The larger message Toyota executives wanted to impart during a media roundtable, is that while Toyota believes in an electric future, it sees the most effective path is selling a mix of hybrids, plug-in hybrids, and pure battery electric vehicles.

“I want to be the Macy’s department store of powertrains, and by doing that, we can continue to reduce the greenhouse gas emissions of our customers,” Carter says.

Toyota Motor Corporation chief scientist Gill Pratt laid out four scenarios. For a customer with street parking only, who lives in an area with high-carbon electric power and few chargers, a hybrid makes most sense for both the customer and the environment.

A customer who lives in the suburbs, has a garage and commutes from an area served by power with an average power-generation carbon footprint, is best served with a plug-in hybrid.

A customer living in an area with a large amount of renewable energy with many chargers would do well with a battery electric vehicle.

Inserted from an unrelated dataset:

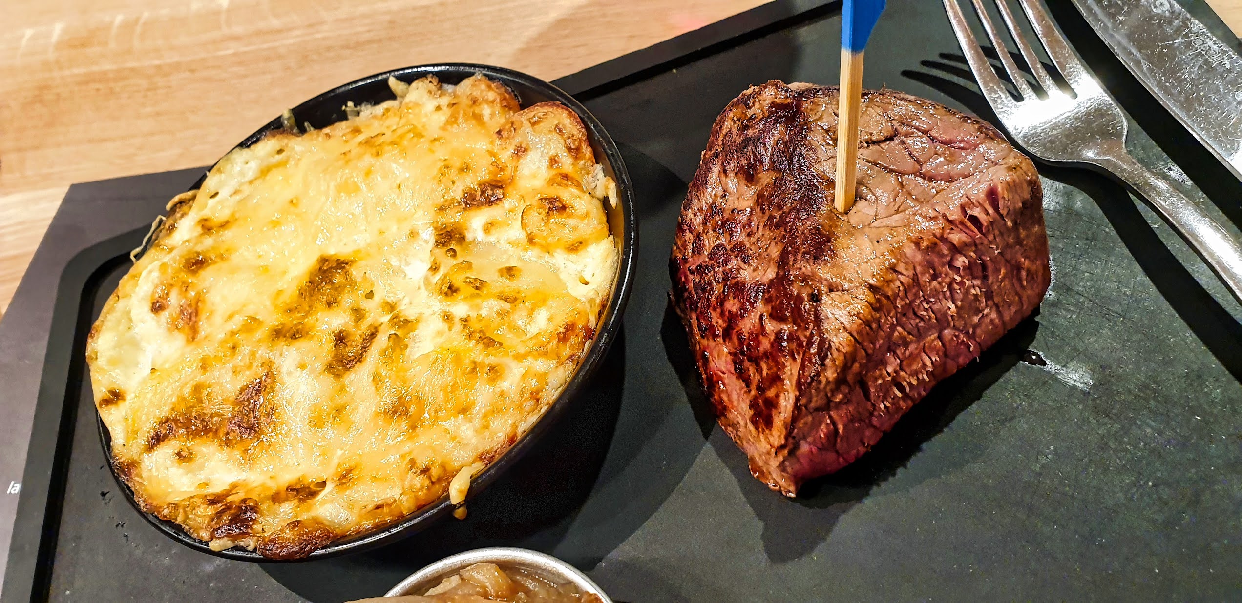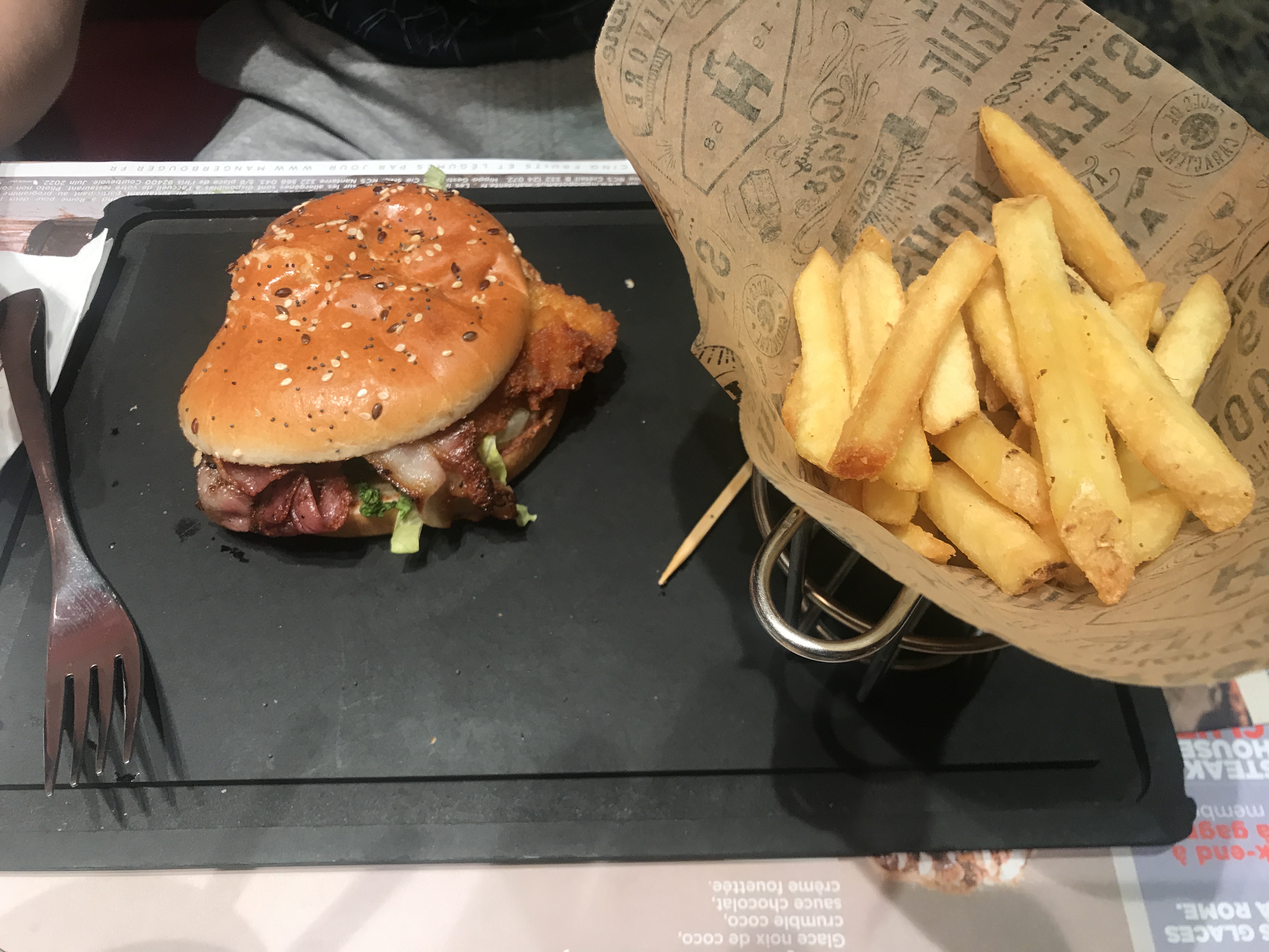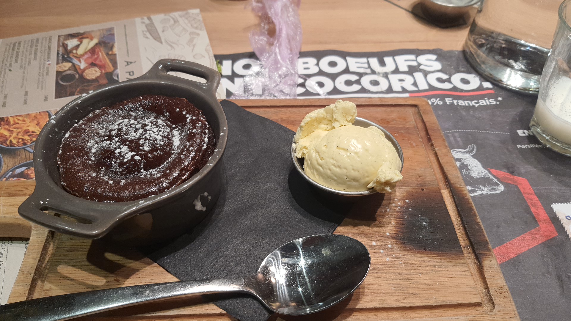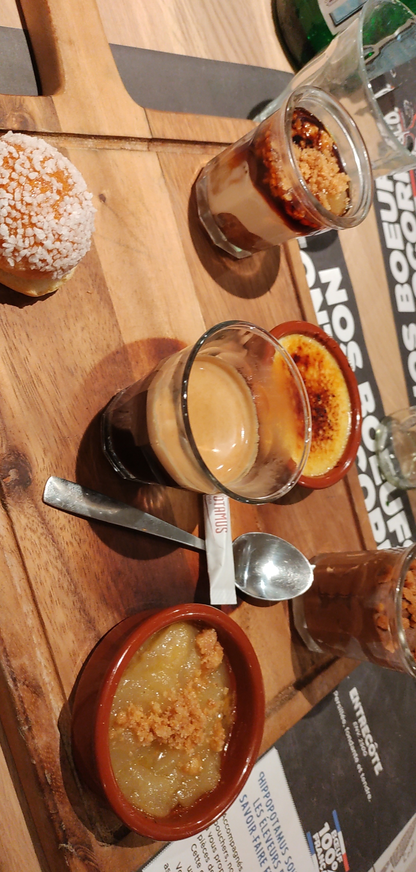 Pas terrible....cher pour ce que s'est...la viande bonne mais pas beaucoup, les frites petite quantité et la glace du vol ....une boule de café avec le reste de chantilly, c'est à dire 60% de chantilly et les couteaux une horreur 3 pour à peu près couper la viande

And a fast-charge, long-range fleet vehicle owner can opt for a vehicle with a hydrogen fuel cell.

An Unused Big Battery Is a Heavy, Expensive Brick

The way Pratt sees it, when the average U.S. commute is 16 miles, it is wasteful to pay for a vehicle with a 300-mile range battery. It is a “heavy expensive brick” made with precious metals that may never be used to capacity and raises the question as to whether the customer is buying something that won’t be used much.

A hybrid might make more sense, Pratt says. Factoring in manufacturing and operating emissions, a plug-in hybrid can have roughly the same carbon footprint as a pure electric vehicle, cost less, require less battery, cause less range anxiety, and have more recharge options. In a different part of the country, with more renewable energy, the BEV makes more sense.

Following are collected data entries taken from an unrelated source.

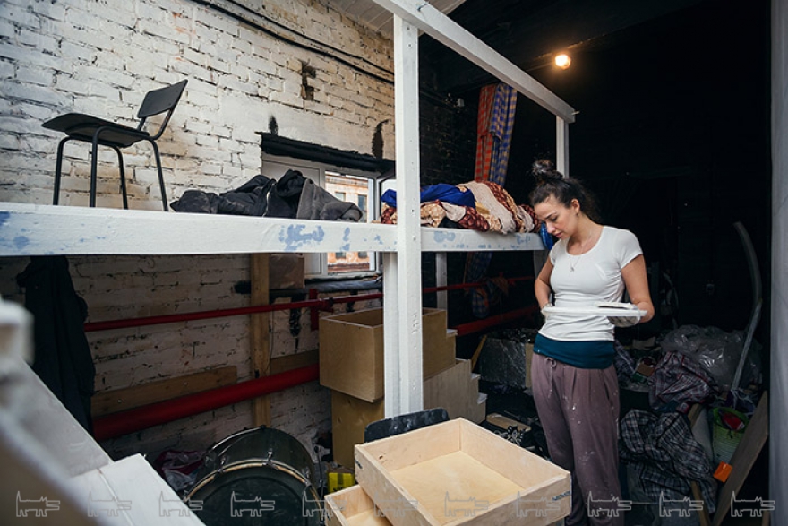 Полтора месяца я искал эту площадку. Садился на мопед, с утра до вечера ездил по городу, искал помещение, а потом созванивался с арендодателями, подбирал варианты. Это был ритуал – каждый день как на работу. Мы построились за два месяца, несколько раз приходилось останавливать стройку из-за финансовых трудностей, но нам помогали многие наши педагоги, не только материально, но и физически: красили стены, заливали полы... Мы два раза оттягивали открытие, потом поставили себе дедлайн и достроились за три дня. Утром в день открытия мы доделывали деревянный пол, еще краска досыхала, а вечером показывали спектакль «ФутуризмЗрим». Сейчас мы практически закончили стройку, доделываем гримерку и другие мелочи. После этого мы сможем полноценно приступить к репетициям и сосредоточиться на спектаклях».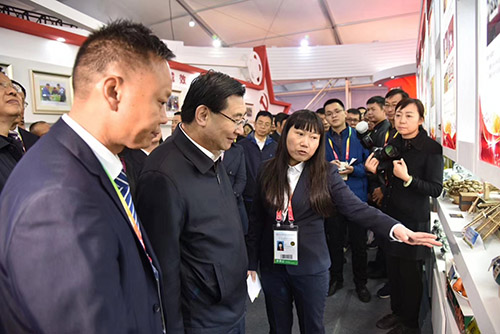 展會(huì)期間,省委書記胡和平、副書記賀榮、省委常委組織部長張廣智、副省長魏增軍等領(lǐng)導(dǎo)親臨第一書記成果展現(xiàn)場視察。在瓦鋪村展位,胡和平書記了解了第一書記周梅的履職情況,詳細(xì)詢問了該村扶貧產(chǎn)品“清酒”和“香菇”的生產(chǎn)、銷售,以及貧困戶增收及脫貧情況。周梅與瓦鋪村村委會(huì)主任李支清共同向參觀者介紹村里的扶貧及產(chǎn)業(yè)情況。
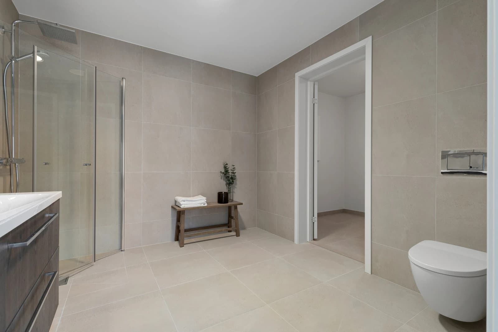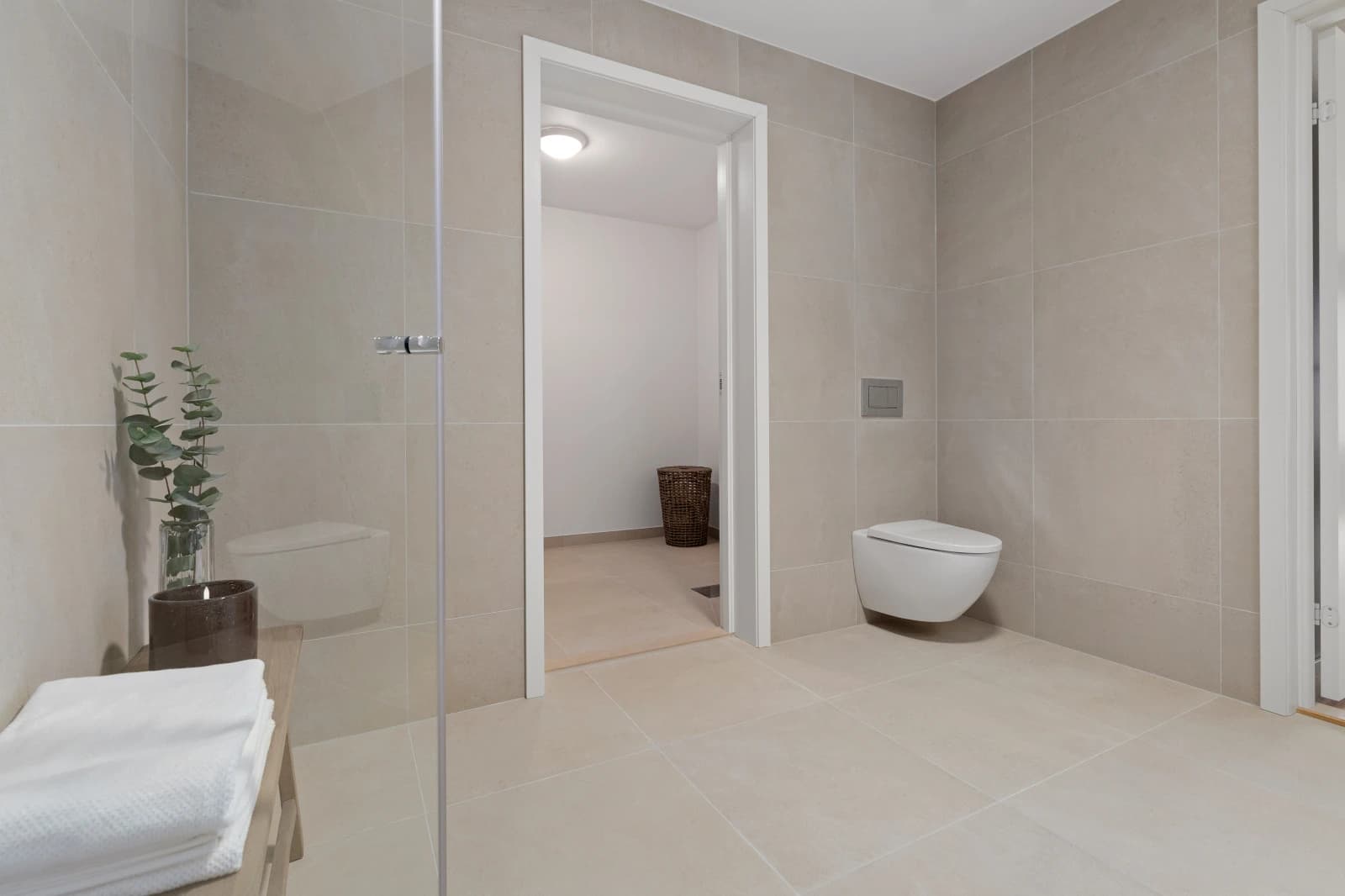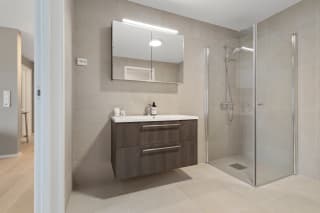 - Bad leverast ferdig flislagt med 60x60 cm flis frå Modena på veggar og golv. Det kan fritt veljast mellom 5 fargevariantar som inngår i flisserien. Dusjhjørne/-dør med profilar i krom og klart glas, mosaikkflis på golv.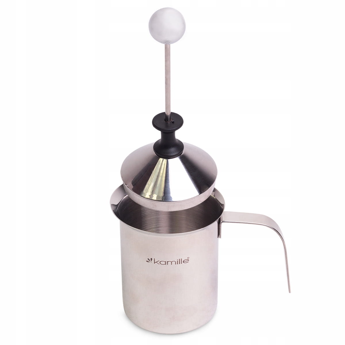 Spieniacz do mleka KAMILLE przeznaczony do ubijania puszystej piany do kawy, kakao lub gorącej czekolady. Posiada prosty i wygodny uchwyt. Specjalny profil krawędzi ułatwia nalewanie bez rozlewania.

Not one size fits all, Pratt argues. There are different vehicles for different needs and circumstances and rightsizing might make for a larger impact in reducing harmful emissions overall if more people are in a vehicle with some degree of electrification. Which is a long way of saying Toyota is not following the lead of General Motors and others who have made big sweeping pronouncements about switching to all-electric lineups. GM, for example, aspires to sell only EVs after 2035.

Toyota Is Electric Vehicle Pioneer

Carter says Toyota has been a pioneer since it began researching electric vehicles in the late 1960s and developed its first hydrogen fuel cell vehicle in 1996; an electric Toyota RAV4 in 1997 and its follow-up in 2012 that was handled in collaboration with Tesla.

And, of course, the Toyota Prius that came out in 1997 and became the punching bag of the industry—you got a speeding ticket in what? Four generations later, Toyota has sold almost 1.9 million Priuses and Carter says the current sales decline is part of the natural evolution of the brand that keeps marching with new vehicles such as the Toyota Mirai fuel cell vehicle.